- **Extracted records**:
=======

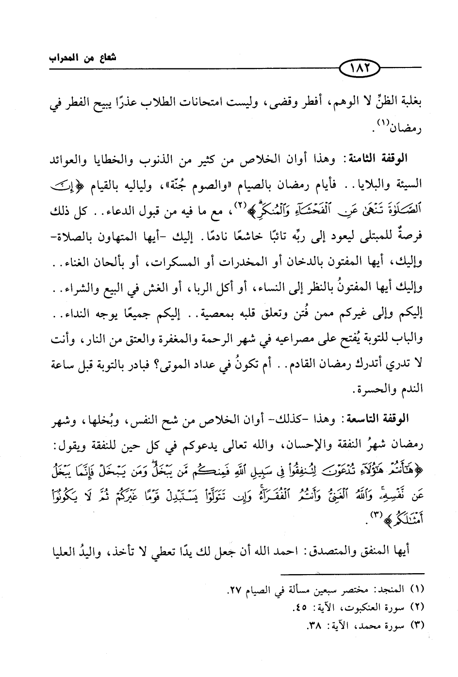 الوقفة الثامنة: وهذا أوان الخلاص من كثير من الذنوب والخطايا والعوائد السيئة والبلايا .. فأيام رمضان بالصيام «والصوم جُنّة»، ولياليه بالقيام {إِنَّ الصَّلَاةَ تَنْهَى عَنِ الْفَحْشَاءِ وَالْمُنْكَرِ} (¬2)، مع ما فيه من قبول الدعاء .. كل ذلك فرصةٌ للمبتلى ليعود إلى ربِّه تائبًا خاشعًا نادمًا. إليك - أيها المتهاون بالصلاة - وإليك، أيها المفتون بالدخان أو المخدرات أو المسكرات، أو بألحان الغناء .. وإليك أيها المفتونُ بالنظر إلى النساء، أو أكل الربا، أو الغش في البيع والشراء .. إليكم وإلى غيركم ممن فُتن وتعلق قلبه بمعصية .. إليكم جميعًا يوجه النداء .. والباب للتوبة يُفتح على مصراعيه في شهر الرحمة والمغفرة والعتق من النار، وأنت لا تدري أتدرك رمضان القادم .. أم تكونُ في عداد الموتى؟ فبادر بالتوبة قبل ساعة الندم والحسرة.
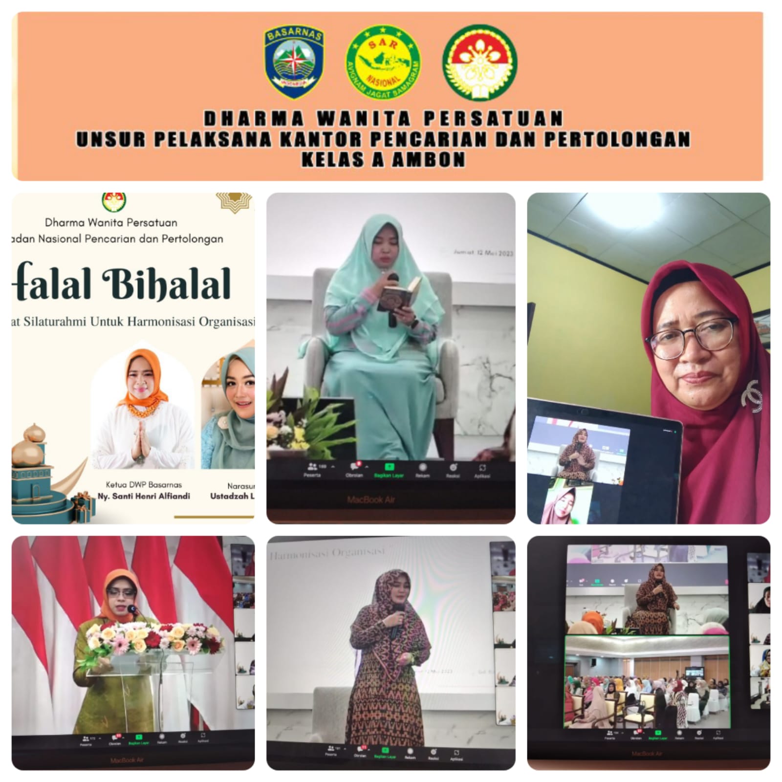 Pada tanggal 12 Mei 2023, Ketua DWP UP KPP Ambon mengikuti zoom Halal bihalal yang diadakan DWP BASARNAS PUSAT dengan tema Perkuat siraturahmi untuk harmonisasi Organisasi dengan narasumber Ustadzah Hj .Liza azizah.
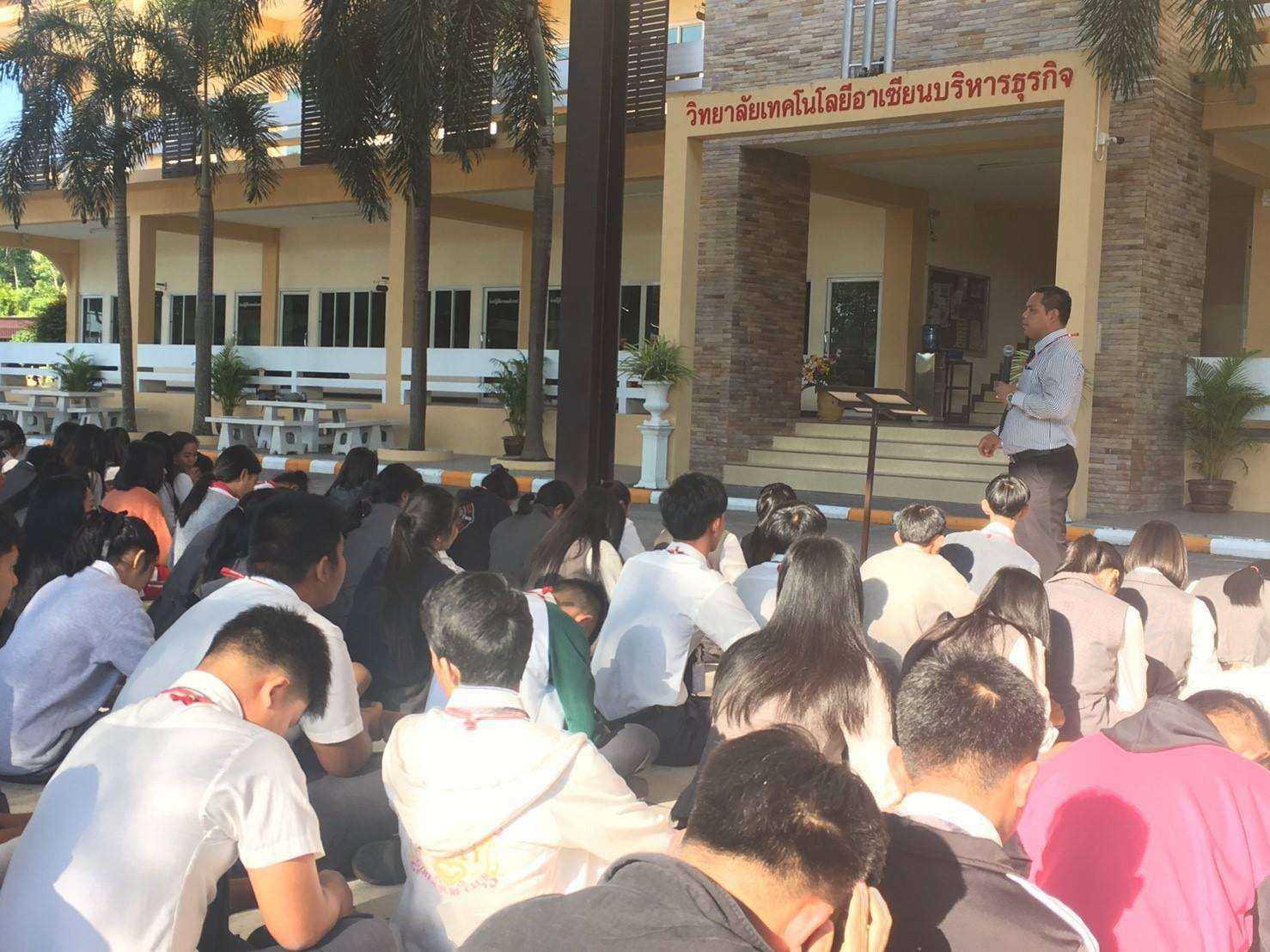 อาจารย์ปราโมทย์ กล้าหาญ ผู้รับใบอนุญาต วิทยาลัยฯ เข้าร่วมกิจกรรมช่วงเช้าพบกับนักเรียน นักศึกษา กล่าวทักทายบอกเล่าทิศทางนโยบายการบริหารวิทยาลัยฯ และกล่าวให้พรแก่ลูกๆ อาเซียน ณ วิทยาลัยเทคโนโลยีิาเซียนบริหารธุรกิจ (2 พ.ย. 61) S:1
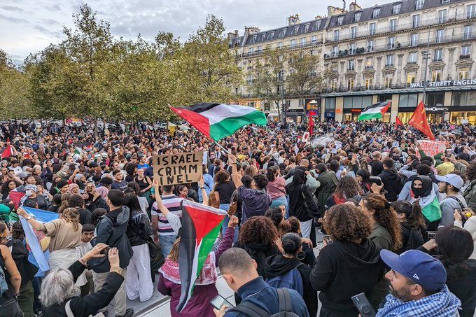 شهدت العاصمة الفرنسية باريس، الخميس 19 أكتوبر/تشرين الأول 2923، مظاهرة حاشدة تضامناً مع الشعب الفلسطيني ورفضاً للقصف الإسرائيلي المستمر على
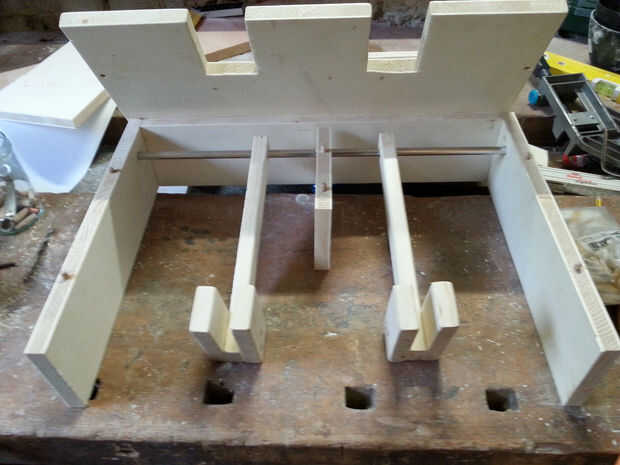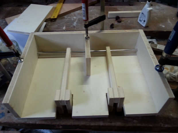 Ahora toma el tablero de la superficie y corte las cavidades para los pedales; Asegúrese de medir la posición de los pedales al menos dos veces a hacer las cosas bien. Con mi tamaño y los pedales, usé las cavidades profundas de 85mm y 56mm de ancho. Ahora Perfore orificios en la parte superior de los tableros laterales y tablero de soporte (véase la madera tapones en la primera foto) y usar alfileres para taladrar los agujeros correspondientes en el tablero de la superficie de la marca. "Pernos de la marca" se trata de pernos de metal con una aguja en la parte superior que tienen el mismo diámetro que conecta su madera: ponerlas en los agujeros, pulsa el tablero de la superficie donde debe ser, y usted encontrará las marcas para las posiciones de los orificios en el tablero de la superficie.
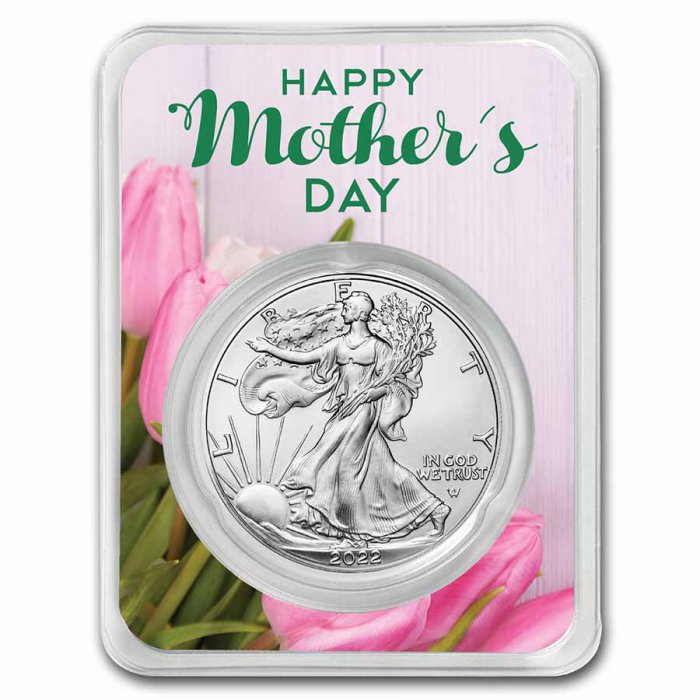 Give your mother an arrangement of flowers that will never wilt! This Silver Eagle is presented in a beautiful colorized Mother's Day themed card, one of many different
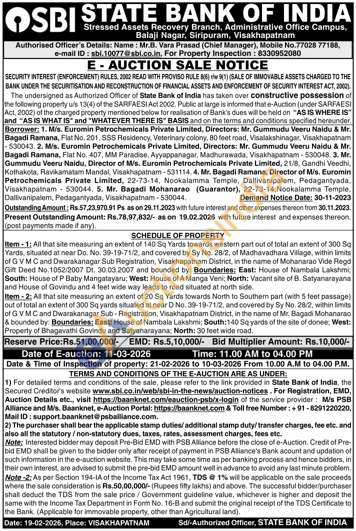 SCHEDULE OF PROPERTY : Item-1: All that site measuring an extent of 140 Sq Yards towards western part out of total an extent of 300 Sq Yards, situated at near Do. No. 39-19-71/2, and covered by Sy No. 28/2, of Madhavadhara Village, within limits of G V M C and Dwarakanagar Sub Registration, Visakhapatnam District, in the name of Mohanarao Vide Regd Gift Deed No. 1052/2007 Dt. 30.03.2007 and bounded by: Boundaries: East: House of Nambala Lakshmi; South: House of P Baby Mangatayaru; West: House of A Manga Veni; North: Vacant site of B. Satyanarayana and House of Govindu and 4 feet wide way leads to road situated at north side.
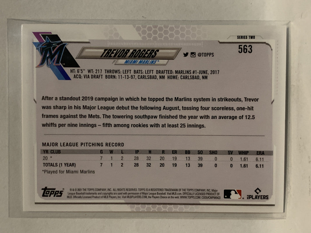 #563 Trevor Rogers Rookie Miami Marlins 2021 Topps Series 2 Baseball Card
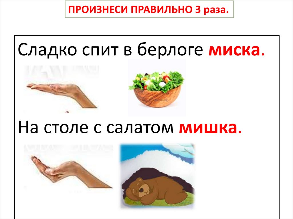 ПРОИЗНЕСИ ПРАВИЛЬНО 3 раза.Сладко спит в берлоге миска.
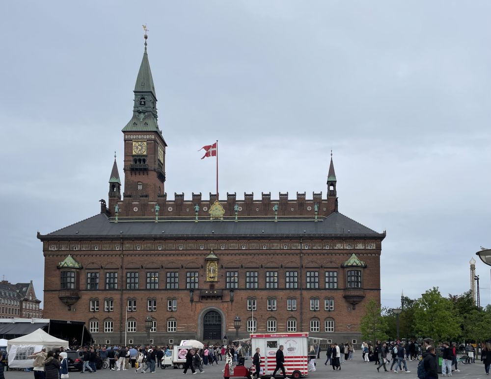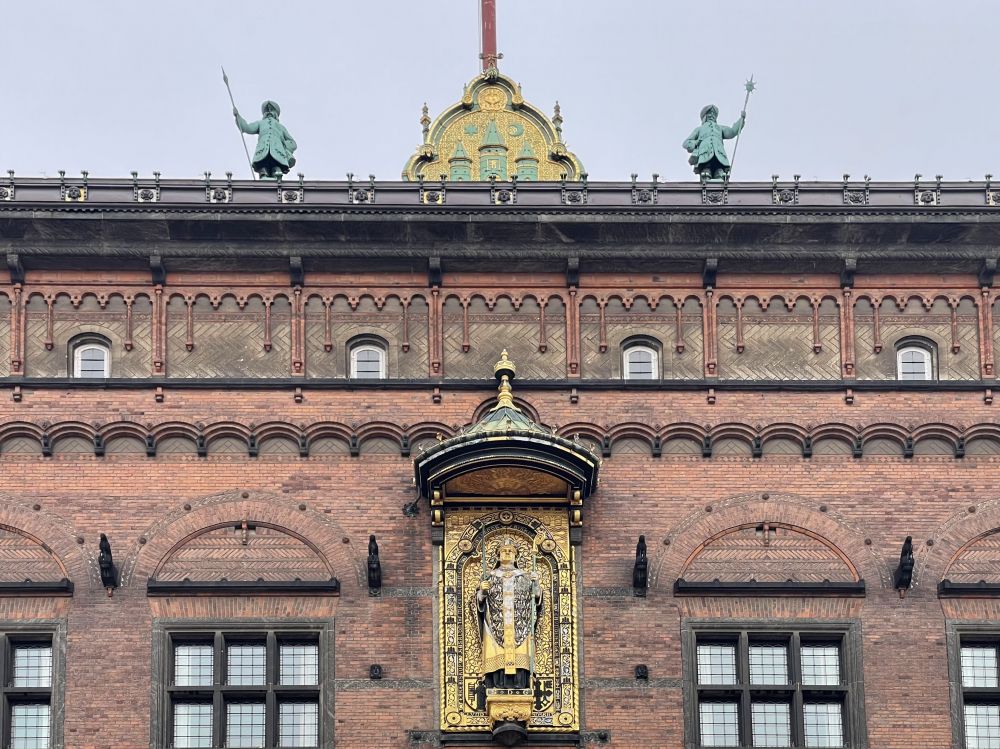 市政厅正门上方的金色雕像是哥本哈根的创建者,阿布萨隆(Absalon, 1128 – 1201) 。
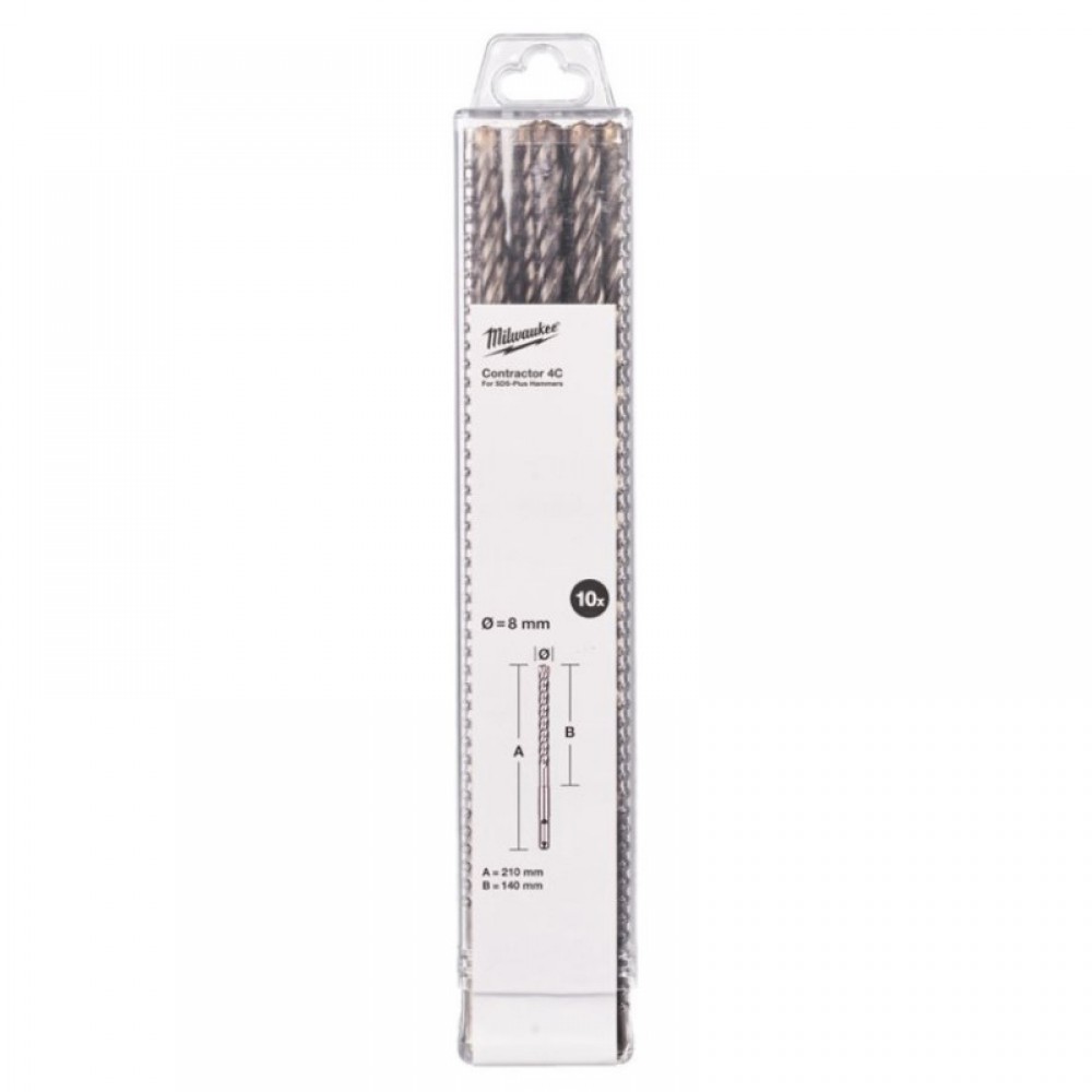 Бур SDS-PLUS 4C Contractor MILWAUKEE, Ø8х210мм, (10шт)
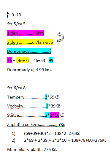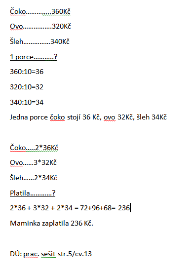 M - ústně malá násobilka, do sešitu slovní úlohy uč. str. 4/cv5, str.6/cv.8
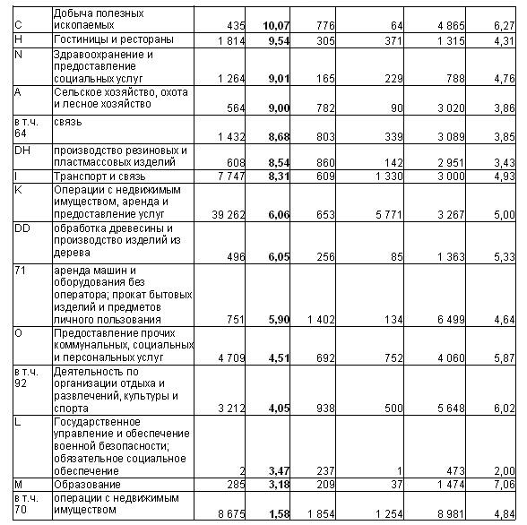В 2008 г. высокие значения показателя зафиксированы для следующих видов деятельности (ОКВЭД):
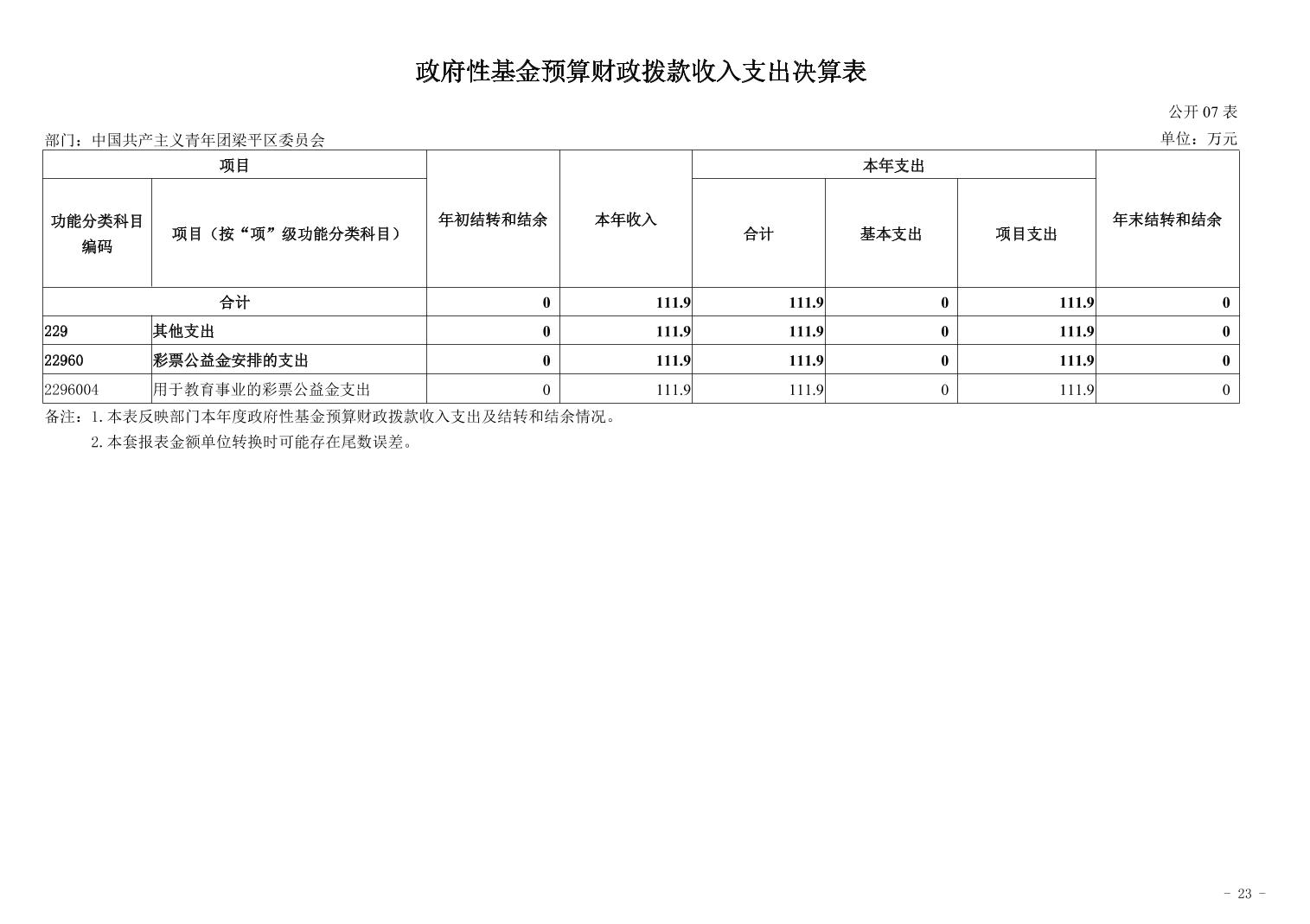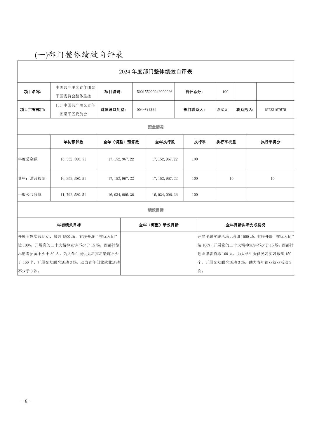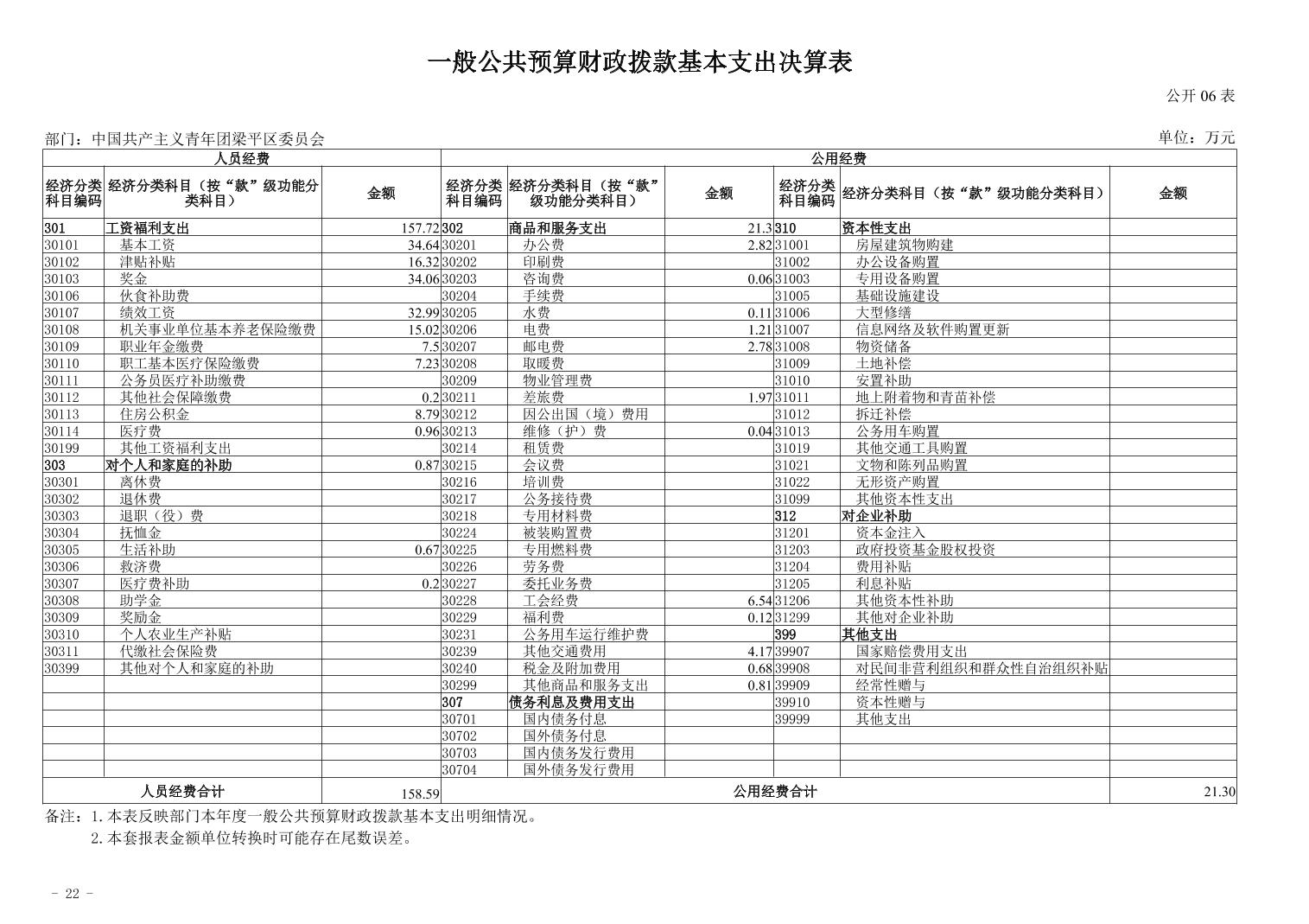 標題 中國共產主義青年團梁平區委員會 2024 年度決算公開說明

=======

- **WORK ITEM**: Only lines from the one holding "ПРОИЗНЕСИ ПРАВИЛЬНО 3" through the last line of the entries above are wanted, both ends included, each retyped exactly; no pictures.

- **SOLUTION TO THE PROBLEM**:
 ПРОИЗНЕСИ ПРАВИЛЬНО 3 раза.Сладко спит в берлоге миска.
 市政厅正门上方的金色雕像是哥本哈根的创建者,阿布萨隆(Absalon, 1128 – 1201) 。
 Бур SDS-PLUS 4C Contractor MILWAUKEE, Ø8х210мм, (10шт)
 M - ústně malá násobilka, do sešitu slovní úlohy uč. str. 4/cv5, str.6/cv.8
В 2008 г. высокие значения показателя зафиксированы для следующих видов деятельности (ОКВЭД):
 標題 中國共產主義青年團梁平區委員會 2024 年度決算公開說明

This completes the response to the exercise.